Is there both a song album and a score album?
Yes — Lakeshore issued a VA soundtrack and a separate Elia Cmiral score, each covering a different side of the film.
What songs define the waterpark opening vibe?
Limousines cuts (“Internet Killed the Video Star,” “Very Busy People”) and pop/electro entries like “Got Me in a Trance” set the candy tone.
Which cues score the attacks?
On the album, “Piranhas in the Pool,” “Barry’s Heroic Rescue,” “Battle for the Water Park,” and “Trident Aria” anchor the big set pieces.
Who handled music supervision?
Richard Glasser is credited on the film as music supervisor/executive in charge of music.
Are the VA tracks all in the movie?
They cover the on-screen party identity, but, as usual, the album is a curated selection rather than a complete dump of every source cue.

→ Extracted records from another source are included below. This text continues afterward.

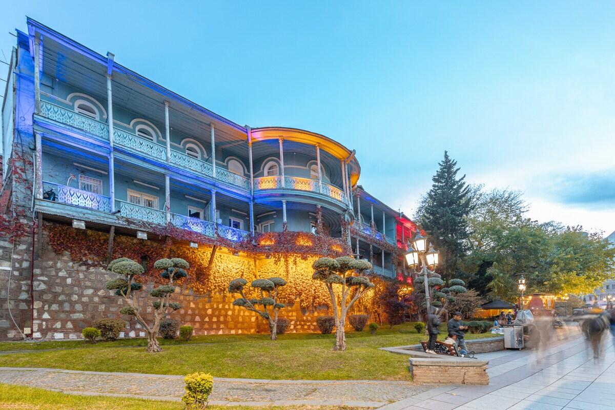 Bienvenue à l'Art Hotel Home, un hôtel de charme de 7 chambres au cœur de la vieille ville historique de Tbilissi. Cette chambre de luxe est parfaite pour 2 personnes et comprend un balcon. Les voyageurs peuvent également profiter de notre café sur le toit avec vue panoramique sur la ville.
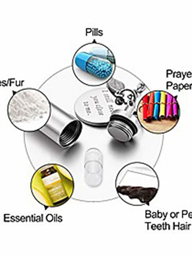 cylinder urn necklace for ashes cremation jewelry/keychain for human pet stainless steel memorial keepsake pendant with angel wing charm ashes jewelry-silver m
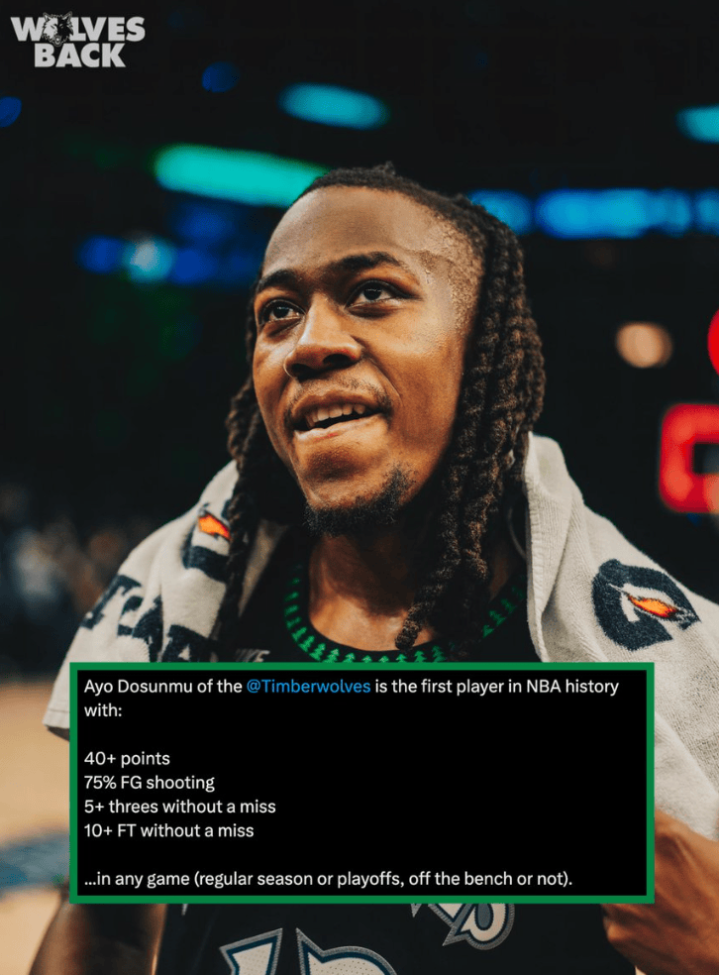 全场比赛,丛林狼后卫阿约-多森姆替补登场42分钟,17投13中,三分球5投5中,米兰体育罚球12罚12中获取43分4篮板1助攻1封盖。
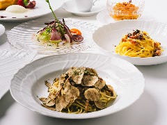旬の食材をカジュアルフレンチに昇華した料理をご提供しております。 緑を基調とした空間で優雅な時とお食事をお楽しみください。View More »
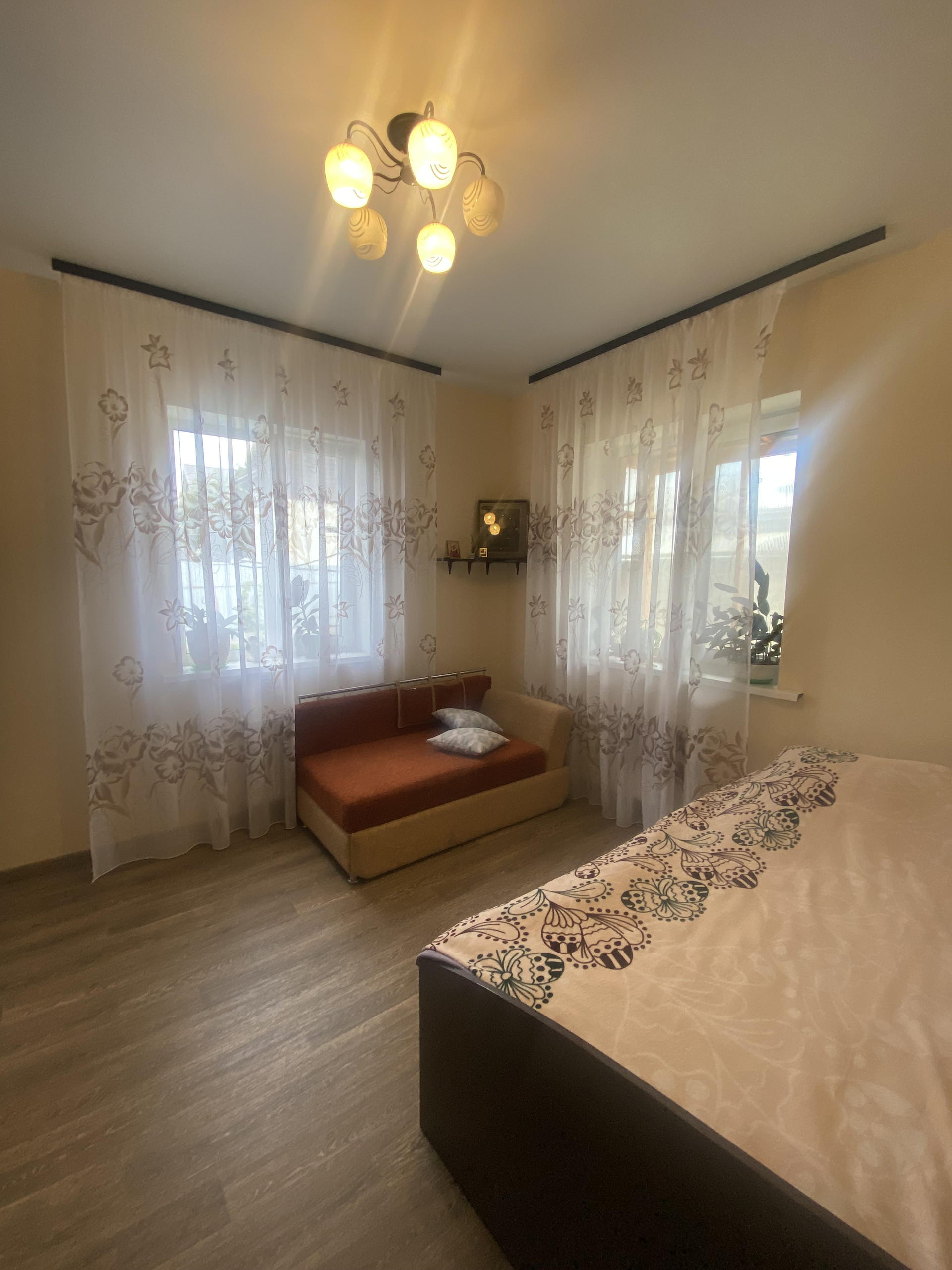 -ВТОРОЙ ДОМ 30 кв.метров+веранда (всего примерно 70 кв.м.) из бревна, полностью благоустроенный, со всеми коммуникациями: газ, вода, отопление, камин. Подойдет как дом для родителей или как гостевой.
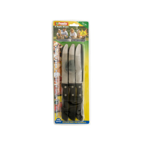 Finished with extreme care by master craftsmen, this Steak Knives Set is a kitchen essential. Made of stainless steel with sturdy, black plastic handles, the knives have excellent strength, hardness and edge durability. Each knife measures approximately 8.5" long and 0.75" wide. Counter top display comes with 100 pieces.
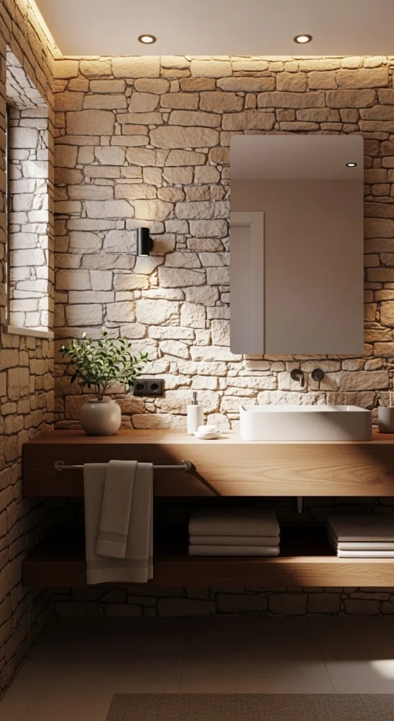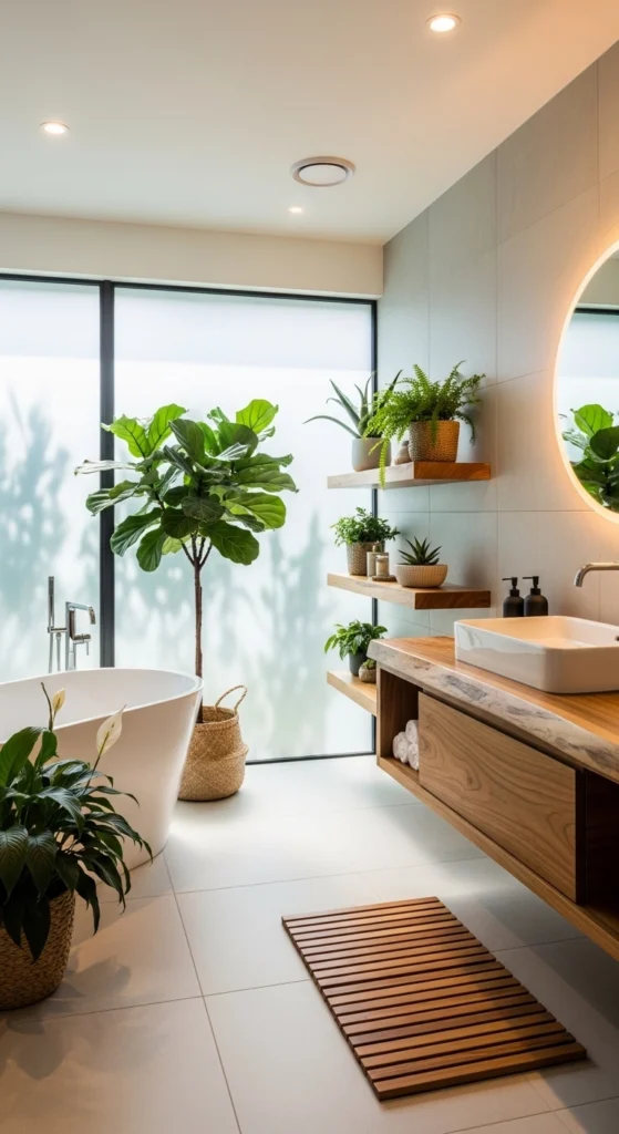 If natural light is limited, use high-quality faux plants. Choose realistic textures and avoid shiny plastic leaves. Place plants near mirrors or tubs where they feel intentional. Pair greenery with wood or stone accents for a balanced look. Plants do not require renovation but change the atmosphere instantly.

Canonical Entities & Relations

SubjectRelationObject
John GulagerdirectedPiranha 3DD (2012 film)
Elia Cmiralcomposed score forPiranha 3DD (2012 film)
Lakeshore RecordsreleasedPiranha 3DD (Soundtrack & Score), 2012
Richard Glassermusic supervisedPiranha 3DD (2012 film)
The Limousinesperformed“Internet Killed the Video Star”; “Very Busy People” (VA album)
All the Right Movesperformed“The Impatient, the Imperfect, the Impossible” (VA album)
Marcus Latief Scottperformed“Got Me in a Trance” (VA album)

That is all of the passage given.